Data for this exercise:
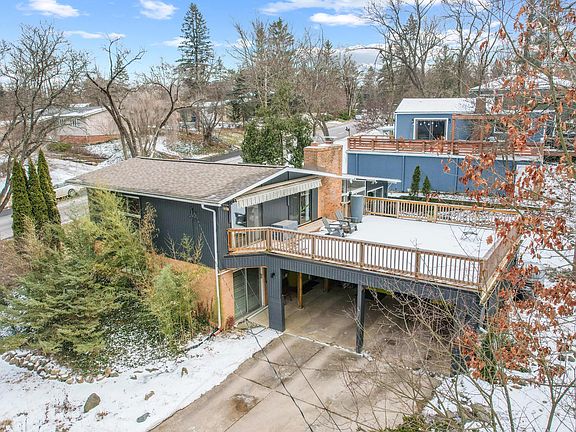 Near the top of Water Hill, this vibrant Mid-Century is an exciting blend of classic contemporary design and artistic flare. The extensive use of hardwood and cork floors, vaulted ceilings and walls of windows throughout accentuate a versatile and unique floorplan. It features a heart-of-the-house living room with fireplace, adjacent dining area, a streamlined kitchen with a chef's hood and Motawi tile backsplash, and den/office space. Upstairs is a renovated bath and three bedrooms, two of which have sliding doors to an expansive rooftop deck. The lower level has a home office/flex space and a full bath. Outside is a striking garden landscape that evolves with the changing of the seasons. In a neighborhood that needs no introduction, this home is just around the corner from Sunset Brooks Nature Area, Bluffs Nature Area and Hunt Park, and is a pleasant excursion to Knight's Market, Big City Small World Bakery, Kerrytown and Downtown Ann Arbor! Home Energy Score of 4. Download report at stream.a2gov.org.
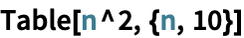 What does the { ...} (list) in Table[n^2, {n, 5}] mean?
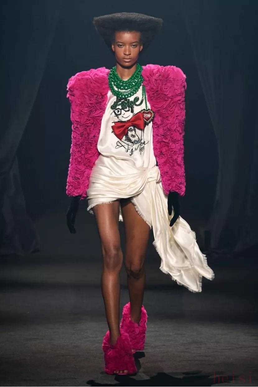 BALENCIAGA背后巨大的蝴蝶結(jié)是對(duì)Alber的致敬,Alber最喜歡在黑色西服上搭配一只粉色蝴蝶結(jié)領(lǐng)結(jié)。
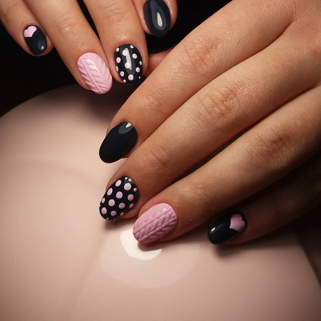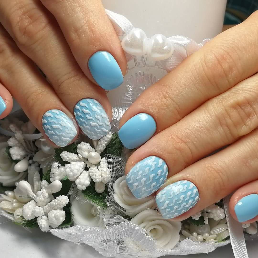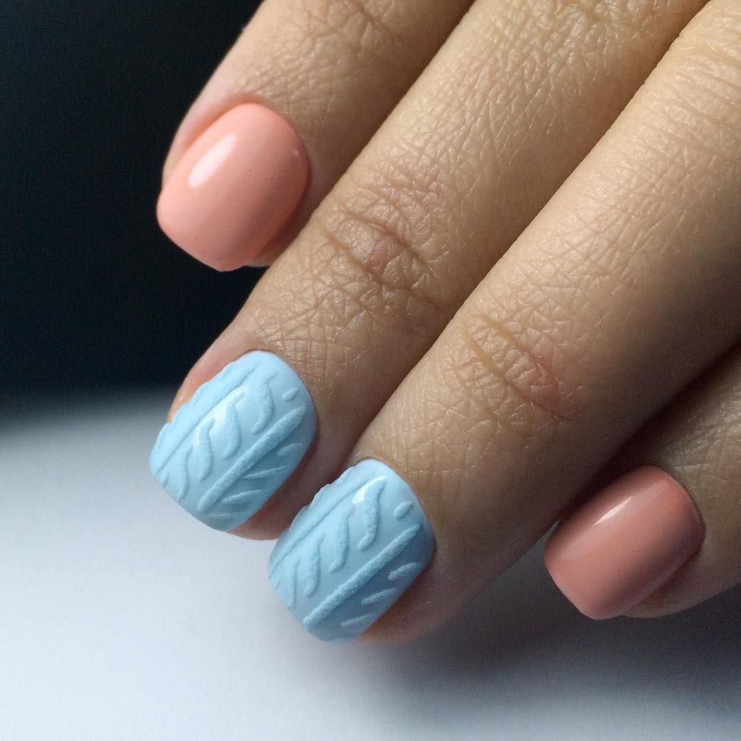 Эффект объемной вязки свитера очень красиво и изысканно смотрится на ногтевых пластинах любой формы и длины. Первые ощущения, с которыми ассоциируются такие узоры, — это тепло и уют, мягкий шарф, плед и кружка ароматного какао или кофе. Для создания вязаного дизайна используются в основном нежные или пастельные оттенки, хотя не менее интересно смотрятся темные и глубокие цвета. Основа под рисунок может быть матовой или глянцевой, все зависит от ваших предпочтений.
...
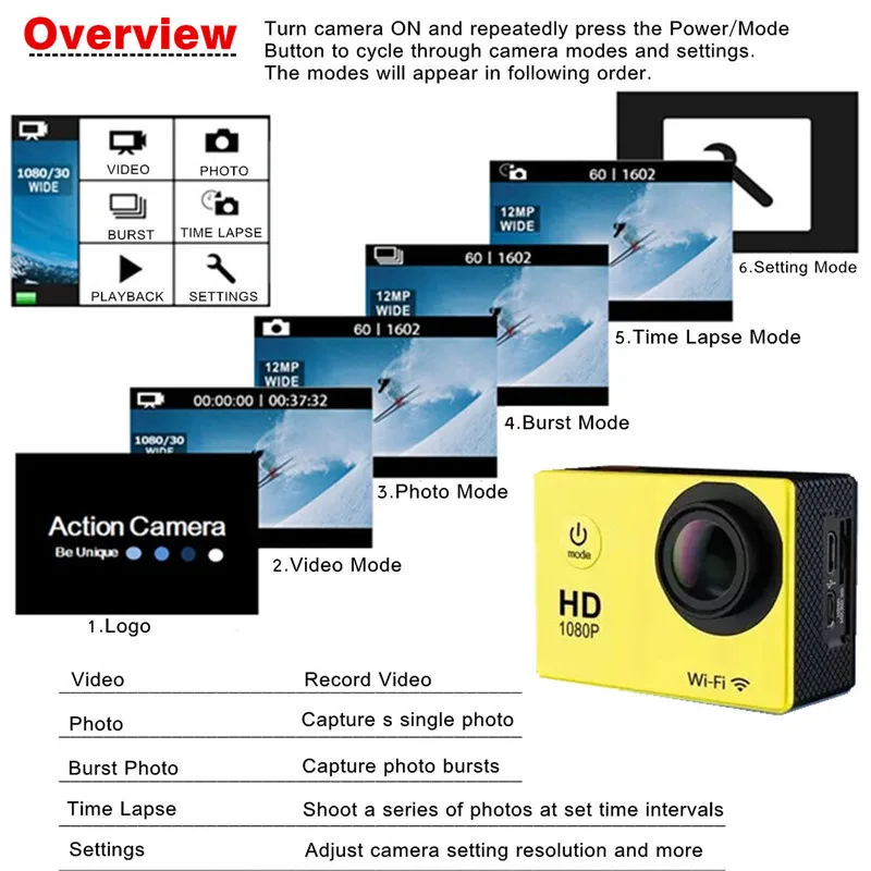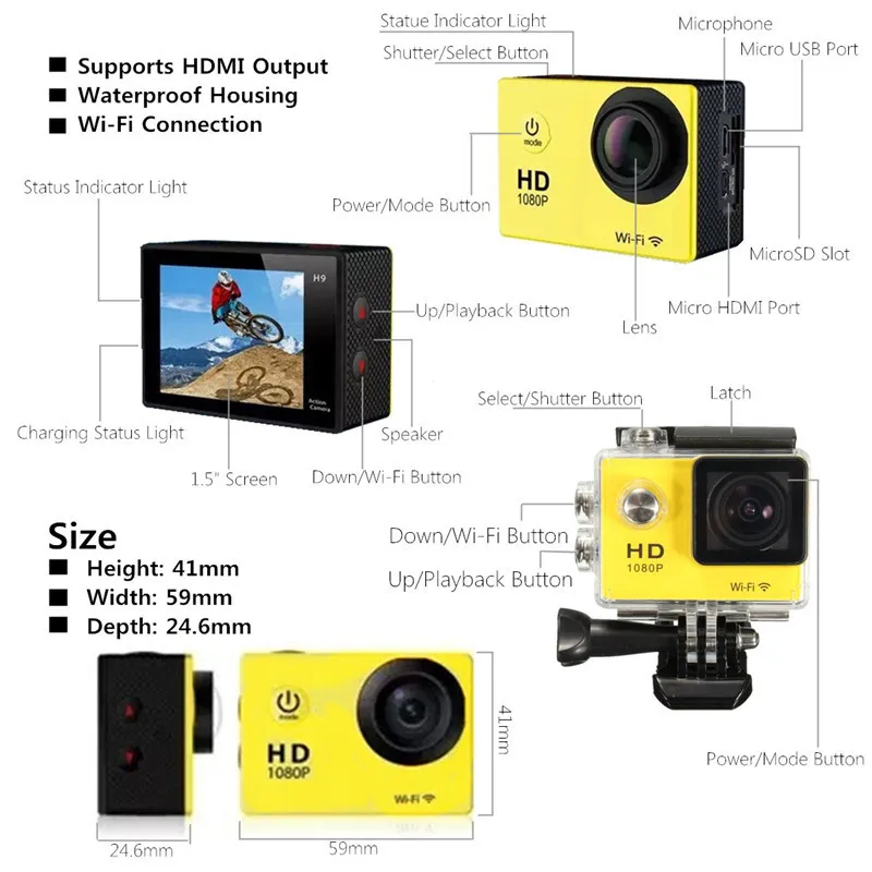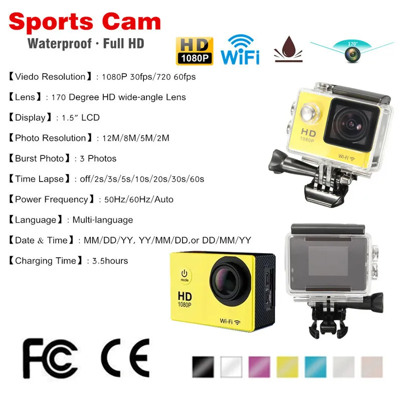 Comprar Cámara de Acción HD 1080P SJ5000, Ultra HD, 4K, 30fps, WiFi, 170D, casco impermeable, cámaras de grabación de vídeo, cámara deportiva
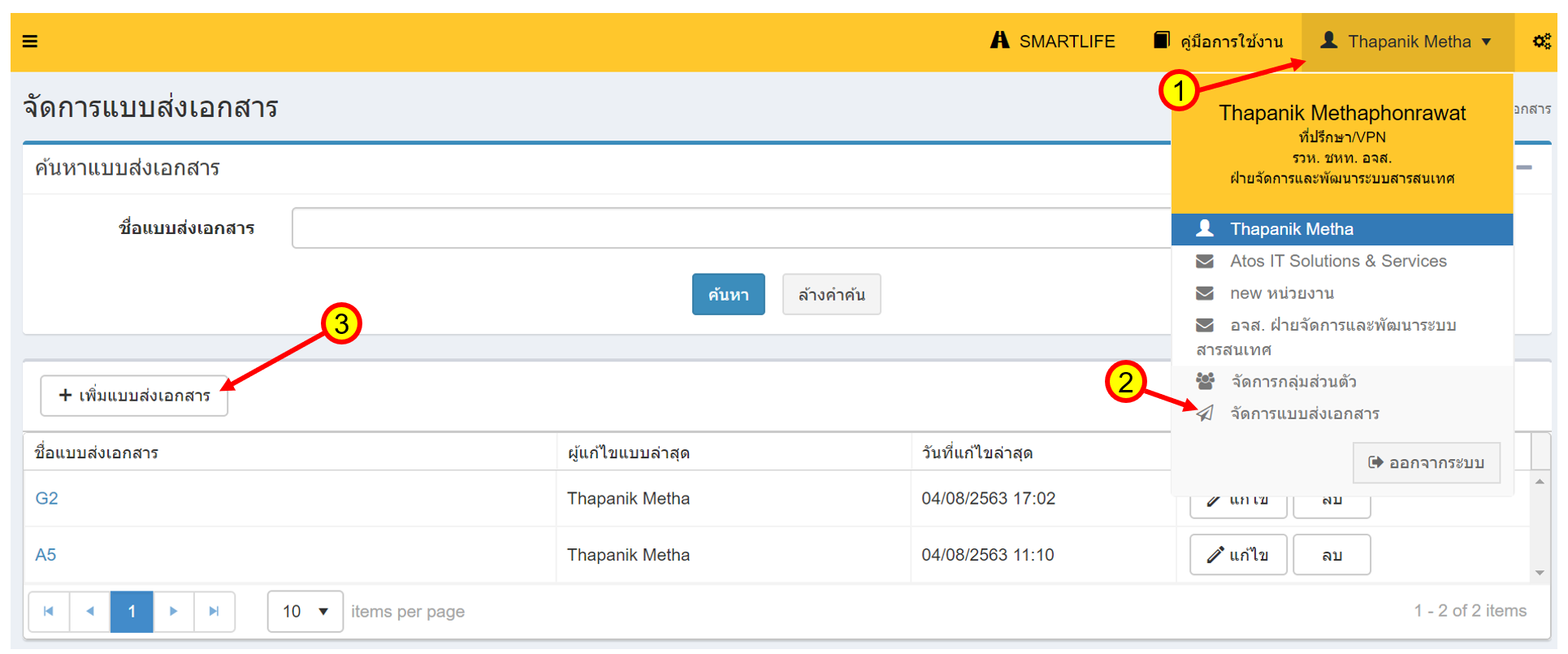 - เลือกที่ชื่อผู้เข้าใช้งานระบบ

Problem requirements: Set down, exactly as written above, each line from the one with "Comprar Cámara de" through the one with "- เลือกที่ชื่อผู้เข้าใช้งานระบบ", and skip the pictures.

Solution to this task:
 Comprar Cámara de Acción HD 1080P SJ5000, Ultra HD, 4K, 30fps, WiFi, 170D, casco impermeable, cámaras de grabación de vídeo, cámara deportiva
 - เลือกที่ชื่อผู้เข้าใช้งานระบบ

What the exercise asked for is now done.